Nonetheless, the process has begun, commencing with the filing of a Benicar defective products lawsuit in Ohio Northern District Court on December 5 (Johnson v. Daiichi Sankyo, Inc. et al, Case No. 3:2014cv02672, Ohio Northern District Court). The plaintiff is lobbying to have her lawsuit consolidated with others in Ohio State.

Benicar (olmesartan) is a hypertension drug designed to lower blood pressure and developed by Daiichi Sankyo (Sankyo) in 1996. It’s been on the market since 2002 and has been widely prescribed - not a surprise, given the percentage of the population suffering from high blood pressure. Since that time a number of adverse event reports suggesting sprue-like enteropathy, a gastrointestinal condition characterized by the presence of severe and often uncontrollable diarrhea, have come in to the Adverse Events Reporting System (AERS) maintained by the US Food and Drug Administration (FDA). The often chronic nature of the diarrhea, combined with substantial weight loss, has sent many a patient and potential plaintiff to the hospital for treatment and recovery.

A research team affiliated with The Mayo Clinic commenced a four-year study in 2008 and released their findings in 2012. A year later, after analyzing the findings of the Mayo Clinic study and breaking out reports of sprue-like enteropathy in its own AERS reporting system, the FDA in 2013 issued a safety bulletin in July of that year suggesting clear evidence of an association between olmesartan (Benicar) and sprue-like enteropathy.

Various Benicar lawsuits - including the filing by Johnson - claim that Sankyo designed and released Benicar in a defective manner, and thus are making allegations of Benicar defective products. The plaintiffs also accuse Sankyo and its marketing partner, Forest Laboratories (Forest), of failure to warn.

Sankyo is based in New Jersey. So far, there are more than 30 Benicar lawsuits filed in New Jersey state court and about 15 cases pending in federal court. Nine of those federal cases - a clear majority - are pending in Ohio. A motion filed on behalf of Annette Johnson on December 18 asks that all federal and state cases see consolidation before US District Judge Dan Aaron Polster in US District Court, Northern District of Ohio.
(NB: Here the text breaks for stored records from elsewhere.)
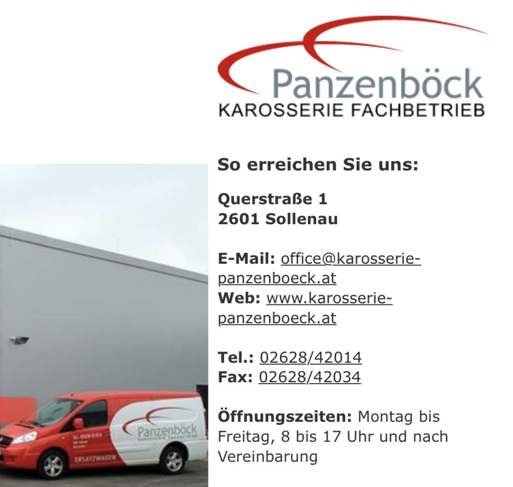 • Für Reparaturen, die von der Firma Panzenböck durchgeführt werden, reduziert sich der vereinbarte Selbstbehalt um Euro 125,- (ausgenommen Scheibentausch und Selbstbehalt im Rahmen der Großschadenkasko)!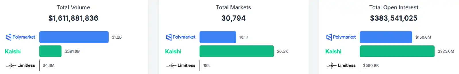 Polymarketanalytics 最新數據顯示,其總的交易者為 1349740 個,預測市場數量為 46995 個。雖然 Polymarket 在總交易額上遙遙領先領先,不過在總市場以及總未平倉部位卻落後於 Kalshi。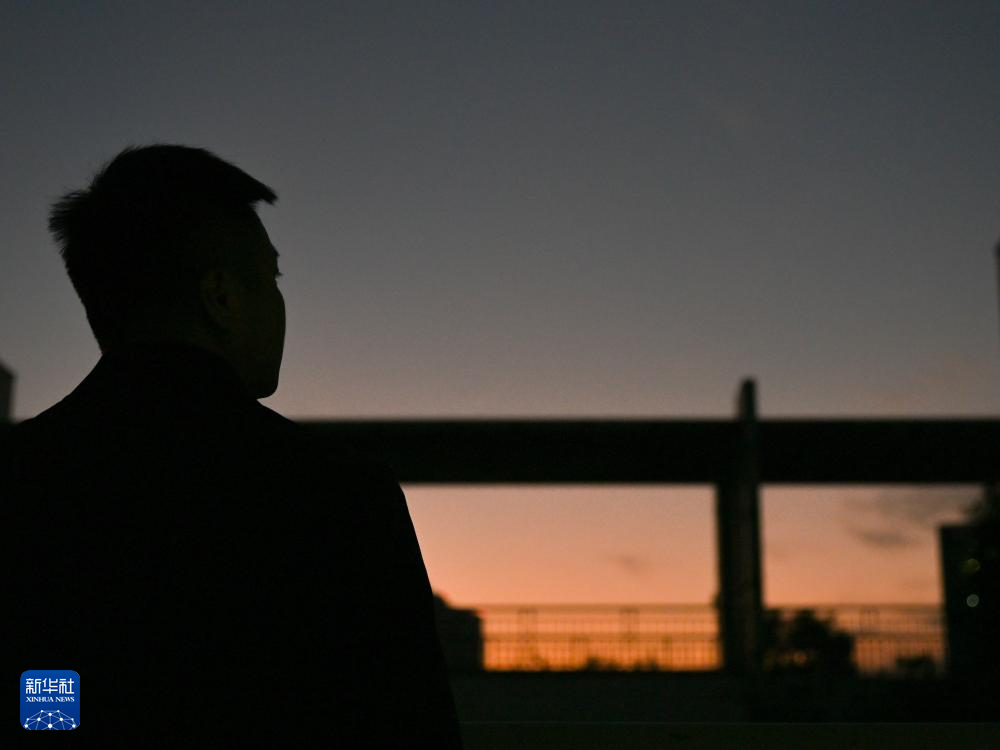 在成都理工大学研究生院,邹灏在办公室外远眺(2024年11月27日摄)。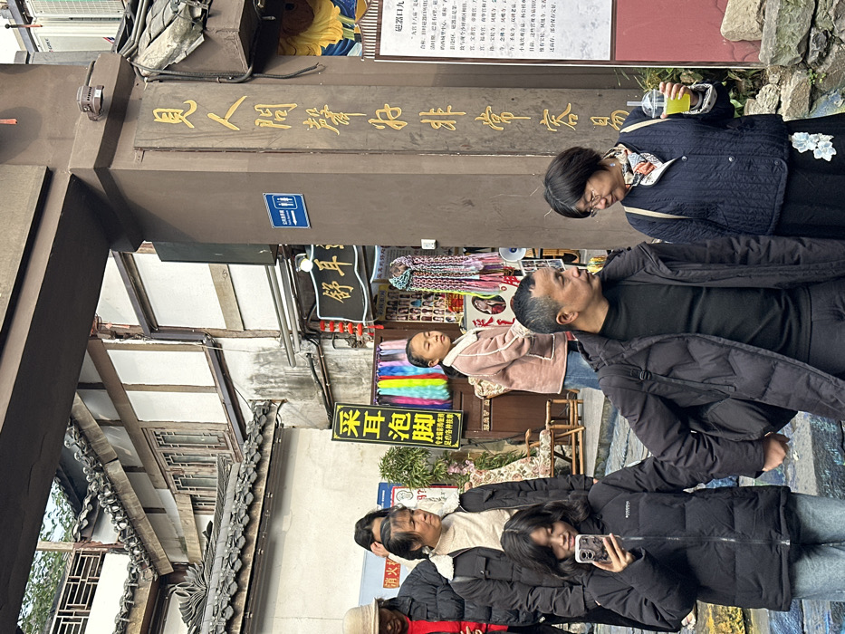 An outdoor scene captures pedestrians passing beneath traditional architecture. A brown beam with golden lettering arches overhead, next to a restroom sign. Shop signs advertise services like ear cleaning and foot massages in Chinese characters. The architecture suggests a historical district or tourist area. People dressed in casual attire mill about, with one individual holding a drink. The scene captures a blend of commerce and cultural heritage.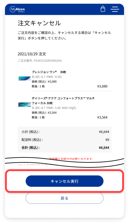 内容確認画面が表示されますので、「キャンセル実行」をタップすると、キャンセル完了となります。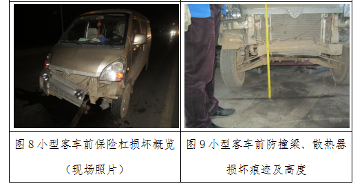 5.根据摩托车后部损坏痕迹及小型客车前部损坏痕迹的检验及比对(见图26、图27)分析可知:紧随轿车之后驶来的小型客车前下部与倒地滑行过程中的摩托车后部接触碰撞。碰撞致使小型客车漏出液体并洒落于路面、致使摩托车行驶状态发生突变。小型客车散落的水渍的起点与摩托车倒地划痕转折点相互对应,分析认为:小型客车与倒地摩托车的碰撞接触点地面位置即位于该处附近。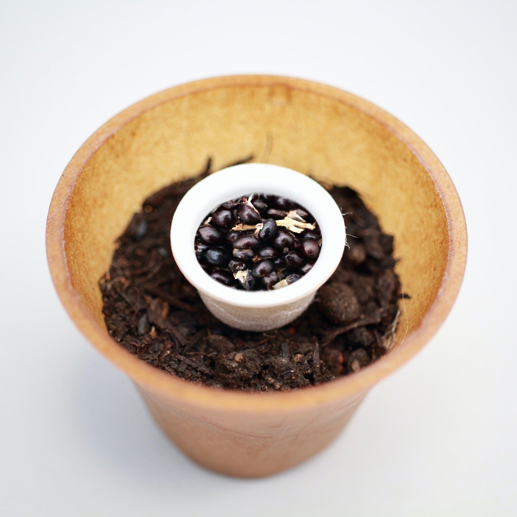 2. Stelle WOODY auf einen Untersetzer. Drücke die aufgeweichten Samen 1-2 cm tief in die Erde. Danach gießen bis die Erde schön feucht ist.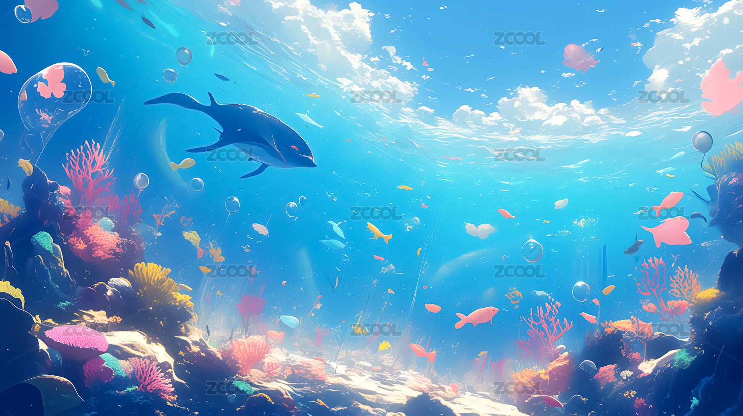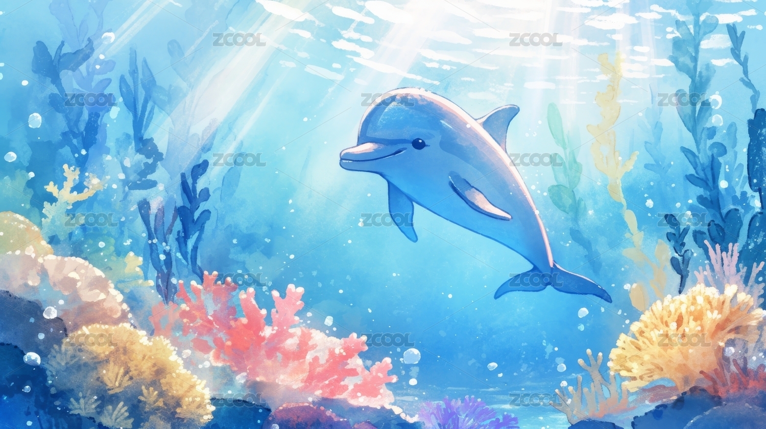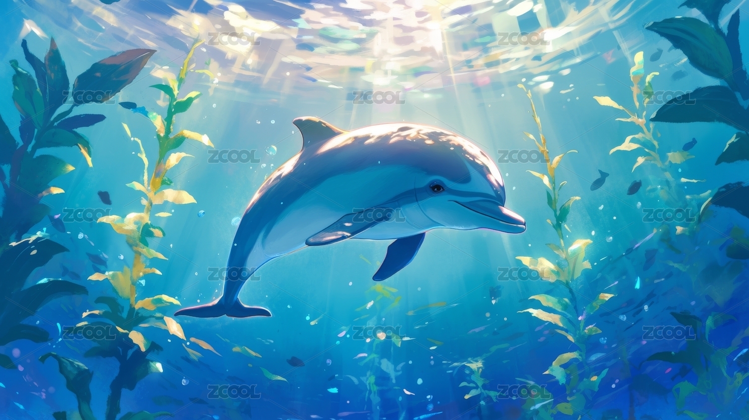 海豚可爱唯美野生动物3D卡通插画壁纸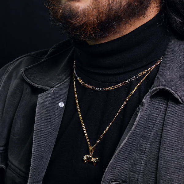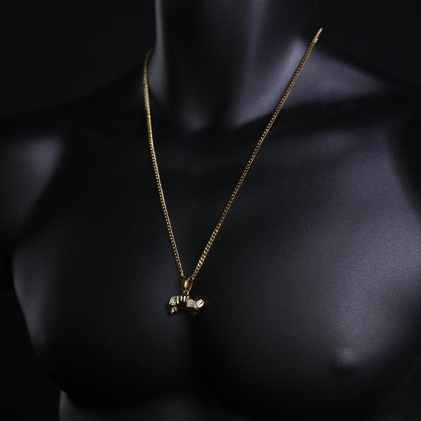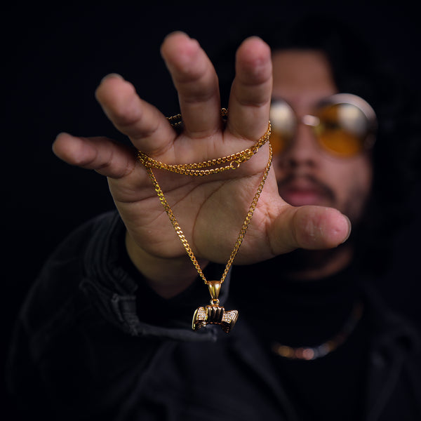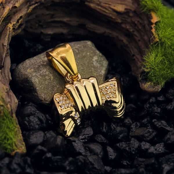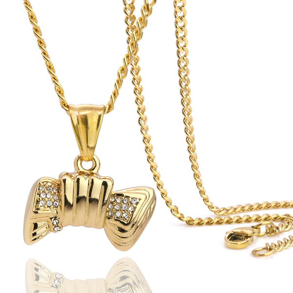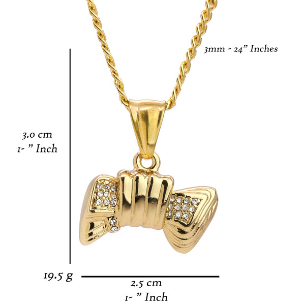 Iced Bowtie Pendant 24" Cuban Chain Hip Hop Style 18k Gold Stainless Steel

“Pretrial centralization allows defendants to work with one consolidated set of discovery requests and filings from plaintiffs’ counsel in federal cases, rather than negotiating with various counsel and courts across the country,” the motion states. “Pretrial centralization will also allow plaintiffs and defendants to concentrate their attention and energy on one federal forum, allowing plaintiffs and defendants to respond more quickly and effectively to opposing counsel and the transferee court, enhancing the overall efficiency of the litigation.”

Defendants in the Johnson lawsuit are Daiichi Sankyo, Inc., Daiichi Sankyo US Holdings, Inc., Daiichi Sankyo Co., Ltd., Forest Laboratories, Inc., Forest Pharmaceuticals, Inc. and Forest Research Institute, Inc. Forest was acquired by Actavis on July 1 of this year.

The MDL is In re: Benicar (and Other Olmestartan Drugs) Products Liability Litigation, before the US Judicial Panel on Multidistrict Litigation, MDL Case no. 2606.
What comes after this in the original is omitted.